Darauf aufbauend stellte Google 2017 die Transformer-Architektur für die Verarbeitung natürlicher Sprache und maschinelles Lernen vor, die auf eine rekurrente Struktur verzichtet und einen »weich« gewichteten Aufmerksamkeitsmechanismus einsetzt, der die kognitive Aufmerksamkeit des Menschen nachahmt, um die wesentliche Bedeutung und Sinnstruktur in einem gegebenen Kontext zu erkennen. Diese Fortschritte bilden die Grundlage für Large Language Models wie GPT (von OpenAI) oder Gemini (von Google).

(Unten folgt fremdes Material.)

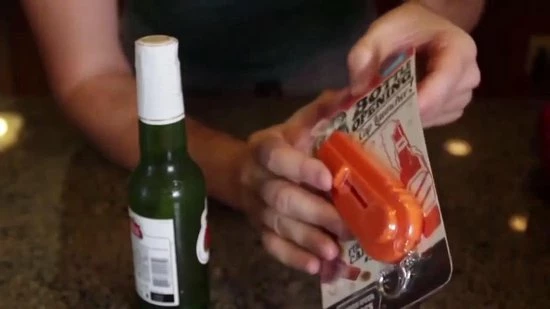 Het is heel erg simpel. De dopjes schieter beschikt over een veer. De span je eerst door een knopje naar beneden te duwen. Als hij vast zit laat je hem los, open je het biertje. Het dopje blijft er dan in zitten. Vervolgens druk je op de knop onderaan en schiet je het dopje weg!

Der Preis dafür ist, dass sich die Outputs dieser Systeme selbst mit hohem Aufwand kaum mehr erklären oder rekonstruieren lassen: Künstliche neuronale Netze arbeiten mit Millionen von internen, von außen nicht einsehbaren Parametern, die das System in Milliarden von Rechenoperationen auf die Trainingsdaten abstimmt.